**REQUIREMENT:** In the listing below, locate the line with "2025年9月1日下午,20" and the line with "Während der Ausfahrt", then output both and everything between them exactly, minus any pictures.

»»

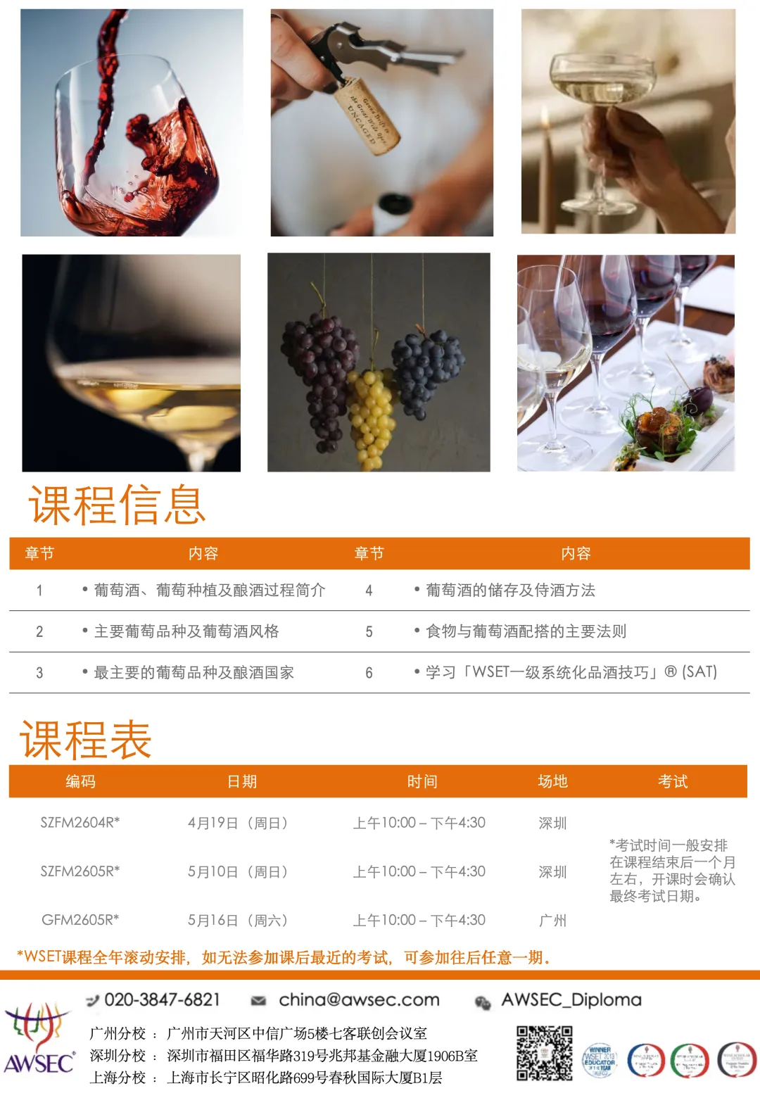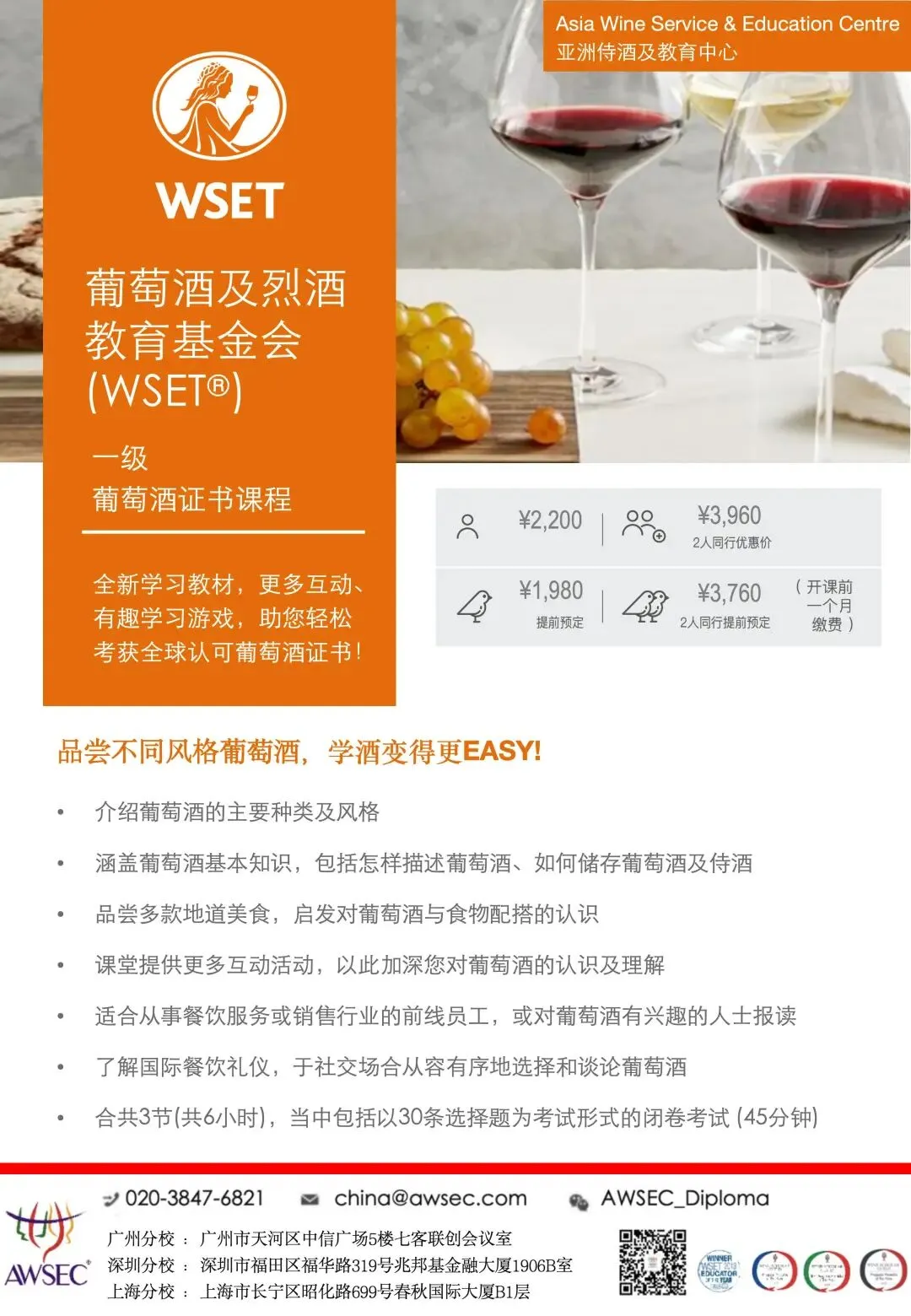 "WSET一级葡萄酒证书课程"介绍葡萄酒的主要类型和风格。本课程亦提供基础的葡萄酒知识,为葡萄酒爱好者或者餐饮 、零售行业新人提供专业的入门训练,循序渐进地介绍葡萄酒风格、存储、服务,及葡萄酒配餐。在AWSEC的一级葡萄酒课堂上,加强酒、起泡酒、甜酒等等都会有课堂品鉴,更好地巩固学员的入门知识。一系列的趣味味蕾感受环节,让你了解葡萄酒的甜度和酸度概念,深刻体会多种维度,并可以更好地与WSET二级及三级衔接。AWSEC课堂精心挑选具有风味代表性的特色美食,与各种葡萄酒搭配,与学员在实践中找到葡萄酒与美食搭配的乐趣,并轻松掌握葡萄酒与餐饮搭配的奥秘。葡萄酒概述和品酒方法
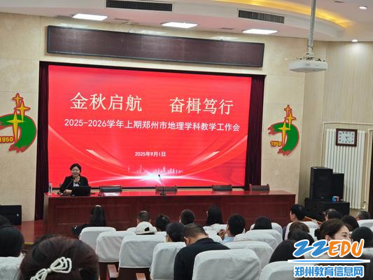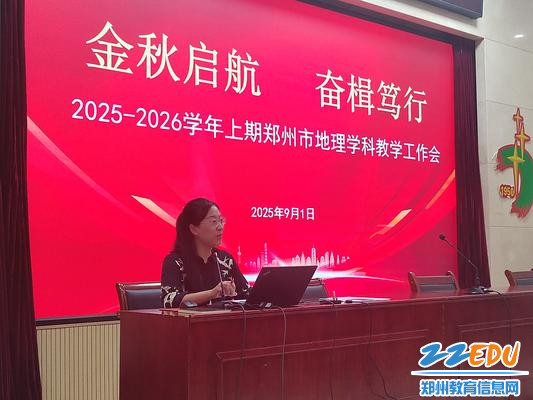 2025年9月1日下午,2025-2026学年上期郑州市地理学科教学工作会在郑州市第七初级中学报告厅召开。此次会议聚焦2025-2026学年地理学科教学工作,全面总结过往经验,深入剖析当下局势,明确规划未来方向,旨在推动郑州市地理教育迈向新高度。参与本次会议的有郑州市各区县(市)的地理教研员、郑州市各高中教研共同体及各学校教研组长、初中地理中心组成员,会议由郑州市基础教育教学研究室地理教研员赵丽霞主持,郑州市基础教育教学研究室地理兼职教研员杨青华做工作总结和安排。
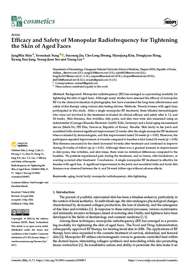 Efficacy and Safety of Monopolar Radiofrequency for Tightening the Skin of Aged Faces
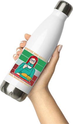 Kaffee und Katzen weil Menschen Nerven Morgenmuffel KatzenStell Dir vor, Du genießt Deinen Morgenkaffee und dabei hältst Du nicht eine gewöhnliche Tasse in der Hand, sondern eine edle Trinkflasche aus hochwertigem rostfreiem Stahl. Erlebe ein völlig neues Trinkgefühl mit der Finesse und Eleganz, die nur Edelstahl bieten kann. Diese Flasche ist...- 34,95 €
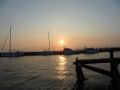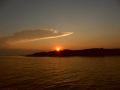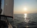 Während der Ausfahrt einen Sonnenaufgang wie er im Bilderbuch steht. Kurz nachher setze ich Segel denn der Wind könnte doch genug stark sein. Und ja bis 6 kt kann ich segeln. Ich trimme die Genua mit allen Mitteln. Verlängere den Holepunkt nach hinten, spiele mit dem Traveller des Gross bis jeweils die beste Einstellung gefunden ist.
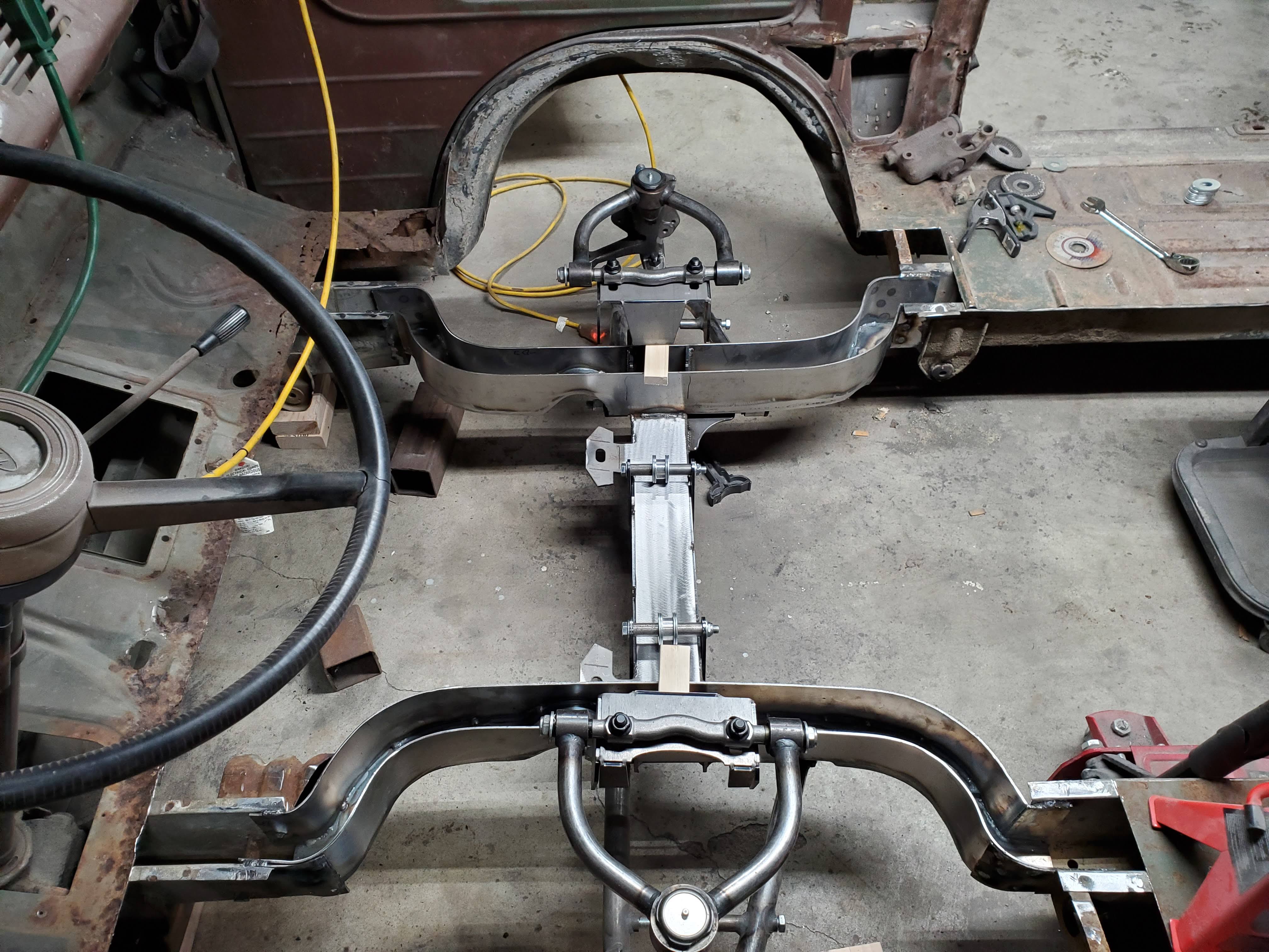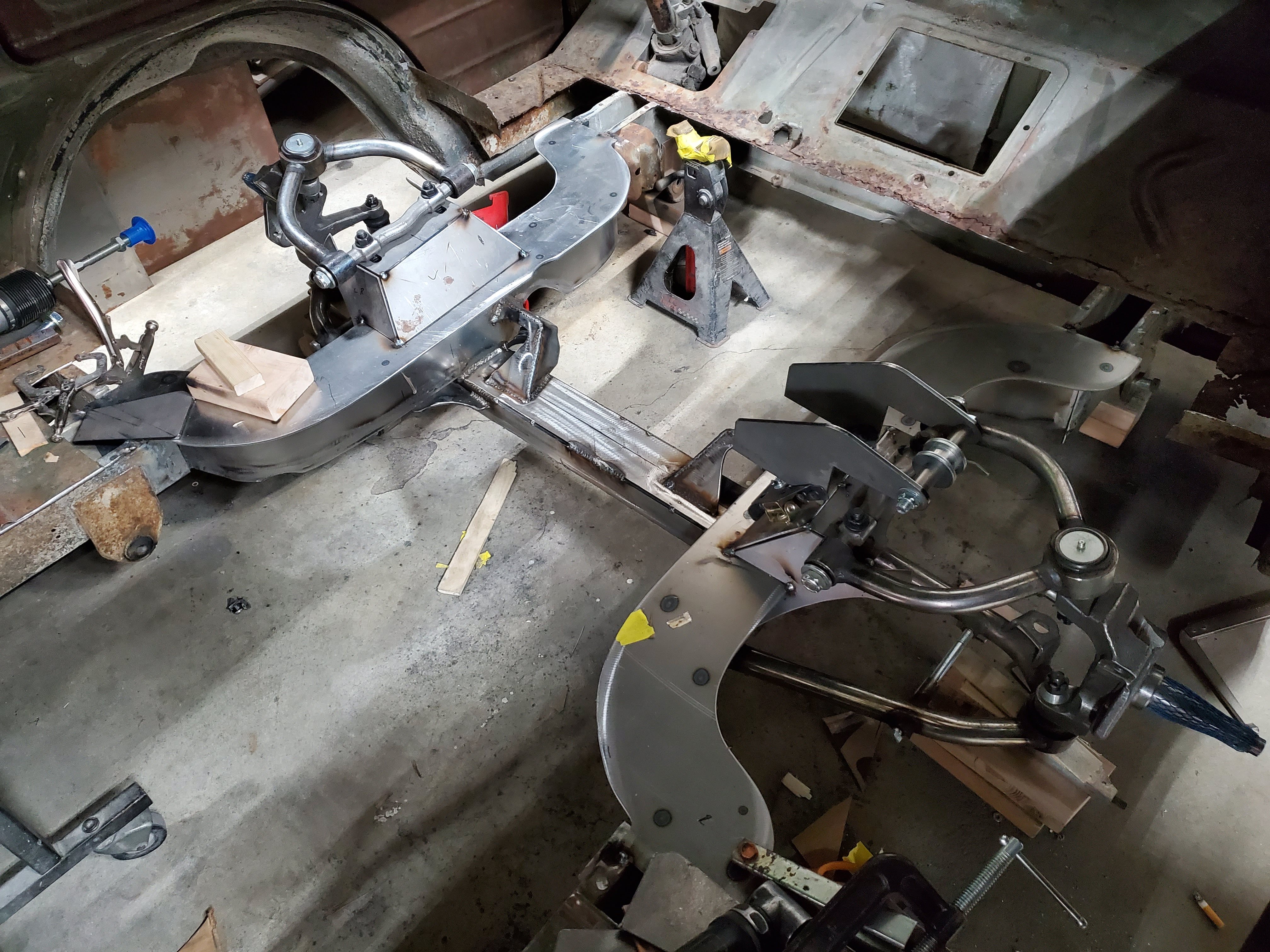 This is my own personal project. You really have to see it in person to get an understanding of all the work involved. Full custom chassis with a Mustang II front suspension, 4 link rear suspension, front and rear sway bars and triple adjustable coilovers. The engine is a 289 out of a 1967 Ford Galaxie police car that will be stroked out to a 331, and a C5 transmission.
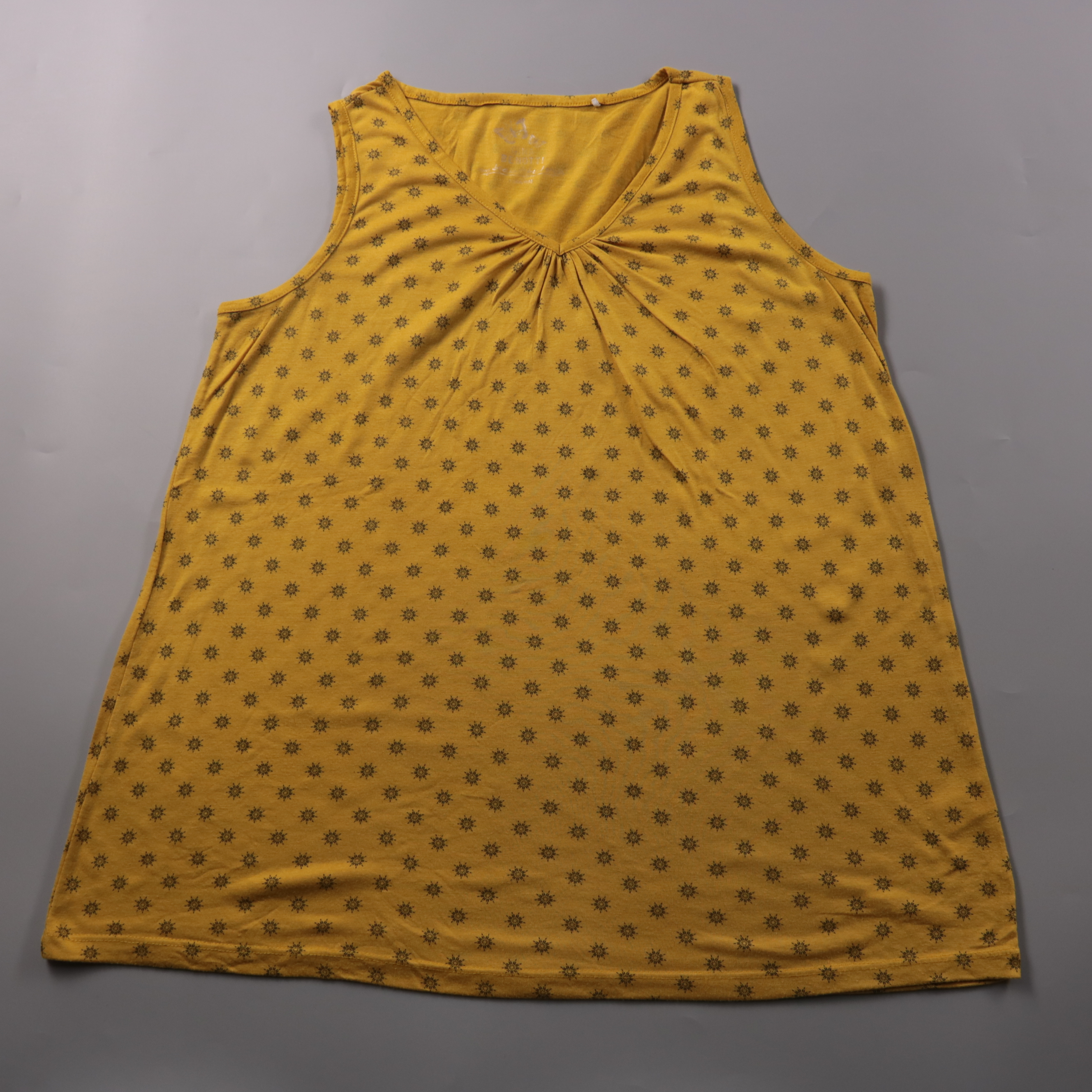 Женская майка Gina Benotti горчичного цвета с мелким принтом и V-образным вырезом со сборкой спереди. Подойдёт для лета и тёплой погоды, можно носить с джинсами, шортами или юбкой на каждый день. Ткань мягкая и хорошо дышит за счёт вискозы.
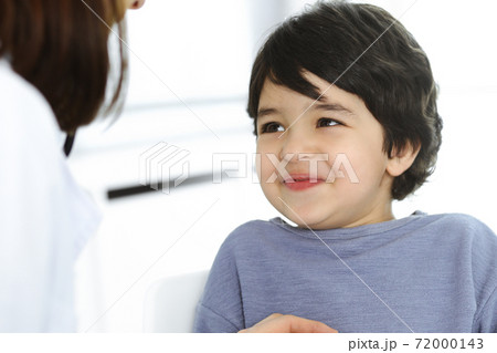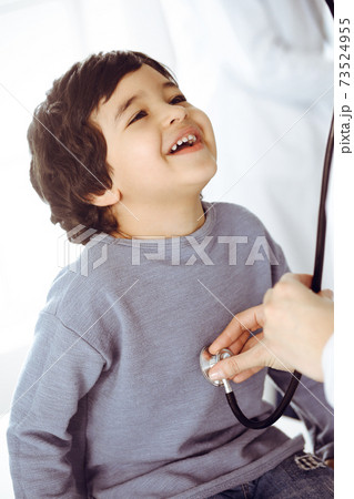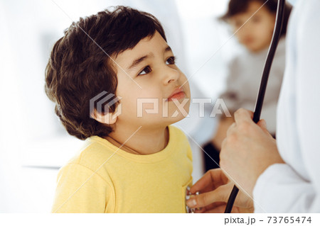 Woman-doctor examining a child patient by stethoscope. Cute arab boy at physician appointment. Medicine help concept
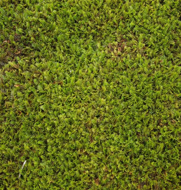 Der Braune Fiederteppich ist wintergrün und trägt dunkelgrüne Blätter.

««

**RESULT OF THIS TASK:**
 2025年9月1日下午,2025-2026学年上期郑州市地理学科教学工作会在郑州市第七初级中学报告厅召开。此次会议聚焦2025-2026学年地理学科教学工作,全面总结过往经验,深入剖析当下局势,明确规划未来方向,旨在推动郑州市地理教育迈向新高度。参与本次会议的有郑州市各区县(市)的地理教研员、郑州市各高中教研共同体及各学校教研组长、初中地理中心组成员,会议由郑州市基础教育教学研究室地理教研员赵丽霞主持,郑州市基础教育教学研究室地理兼职教研员杨青华做工作总结和安排。
 Efficacy and Safety of Monopolar Radiofrequency for Tightening the Skin of Aged Faces
 Kaffee und Katzen weil Menschen Nerven Morgenmuffel KatzenStell Dir vor, Du genießt Deinen Morgenkaffee und dabei hältst Du nicht eine gewöhnliche Tasse in der Hand, sondern eine edle Trinkflasche aus hochwertigem rostfreiem Stahl. Erlebe ein völlig neues Trinkgefühl mit der Finesse und Eleganz, die nur Edelstahl bieten kann. Diese Flasche ist...- 34,95 €
 Während der Ausfahrt einen Sonnenaufgang wie er im Bilderbuch steht. Kurz nachher setze ich Segel denn der Wind könnte doch genug stark sein. Und ja bis 6 kt kann ich segeln. Ich trimme die Genua mit allen Mitteln. Verlängere den Holepunkt nach hinten, spiele mit dem Traveller des Gross bis jeweils die beste Einstellung gefunden ist.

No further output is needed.